Setting shareholder-focused performance targets: setting executive compensation targets has changed. The process now reflects the new environment of heightened shareholder activism, increased disclosure requirements and overall market skepticism.

AuthorTurner, Matt
PositionCOMPENSATION

Until recently, setting performance targets for executive incentive compensation plans was too often a perfunctory and one-way process. Typically, Corporate Finance would prepare the annual operating plan and determine "planned" performance with respect to standard financial performance measures such as revenue and earnings per share.

These figures (or a set of related Street "commit" numbers) were then reported to the Compensation Committee and plugged into the annual incentive plan. Threshold and superior levels of performance might be set based on a fixed percentage above or below target for each metric. The process was similar for a cash-based long-term plan, possibly with a nod toward longer-term "required" performance.

Those days are over. Heightened shareholder activism, increased disclosure requirements and an overall market skepticism regarding "pay-for-performance" requires that companies embrace a more rigorous, shareholder-focused approach to ensuring that both performance measures and targets are appropriate and effective.
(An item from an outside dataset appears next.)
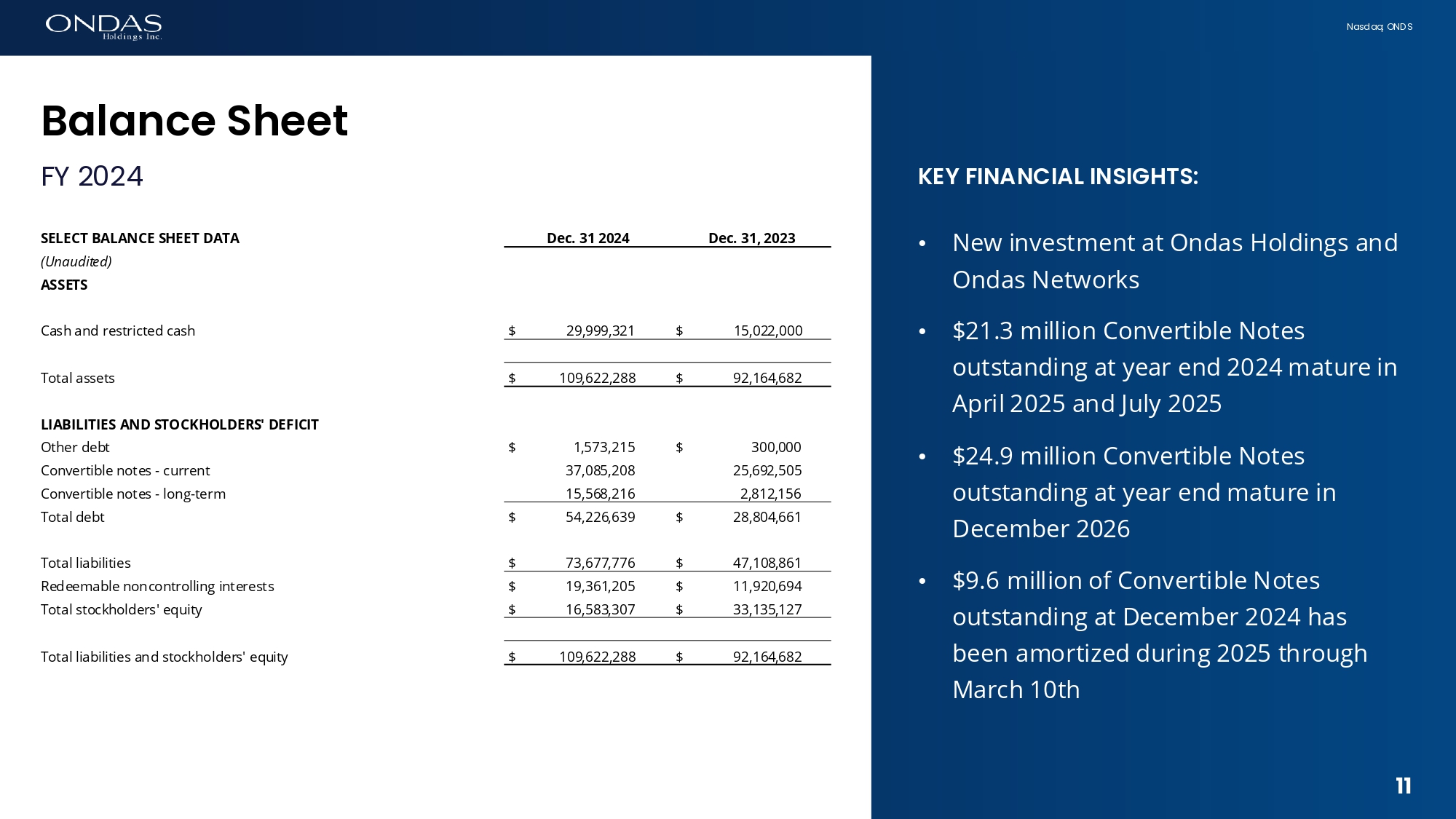 Nasdaq: ONDS KEY FINANCIAL INSIGHTS: 10 10 • Cash balance of $30.0 million • Operating cash burn includes working capital investment of $4.8 million • Cash provided by financing includes: • $35.3 million net proceeds raised during Q4 including $28.3 million at Ondas Holdings (convertible notes), and $7.0 million net proceeds at Ondas Networks and OAS ( convertible notes) • $14.9 million aggregated net proceeds raised earlier in the year at Ondas Holdings and Ondas Networks Fifi6fici6l Review FY 2024 Year Ended December 31, SELECT CASH FLOW DATA 2023 2024 (Unaudited) $ (34,019,519) $ (33,469,623) Net cash used in operating activities 536,273 (1,731,676) Net cash provided by (used in) investing activities 18,730,150 50,178,620 Net cash provided by financing activities (14,753,096) 14,977,321 Increase (decrease) in cash 29,775,096 15,022,000 Cash, cash equivalents, and restricted cash, beginning of period $ 15,022,000 $ 29,999,321 Cash, cash equivalents, and restricted cash, end of period

The goals of engaging in a more systematic and thoughtful approach include:

* Validating the performance measures used in incentive compensation plans;

* Grounding the target-setting process in a clear understanding of shareholder expectations; and

* Involving all of the relevant people in the process--early and often.
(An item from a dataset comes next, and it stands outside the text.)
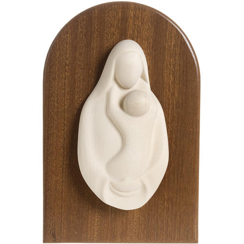Bas-relief de la Vierge Marie avec enfant sur planche de bois de cerisier. Réalisé et taillé sur bois, très élégante et délicate.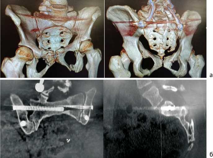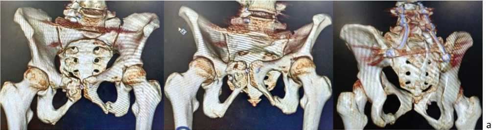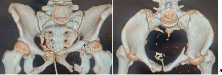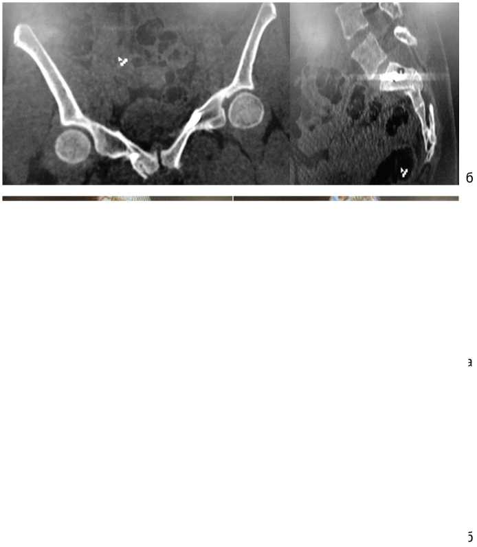Рис. 5. Компьютерные томограммы таза, шесть месяцев после операции: а — 3D-реконструкции

Validate the Performance Measures

Most financial performance measures baked into annual incentive plans are based on a combination of historical usage, industry practice and compatibility with analysts' coverage of the company. While intended to reflect shareholder value, too many companies fail to ever validate whether or not performance against such measures will actually create shareholder value.

Validating performance measures need not be rocket science, but should involve at least some statistical analysis. The analytic process starts with a strong understanding of the economics of the relevant industry, along with a command of the company's specific business strategy and value chain. One can then identify what specific performance measures might best correlate to long-term value creation for the company, using regression and time-series analyses to test that value link.

However, relying on regression analysis to the exclusion of other factors that impact the link between pay and performance is never sufficient. The review also needs a critical evaluation of the analysis in light of knowledge that is specific to the company and industry.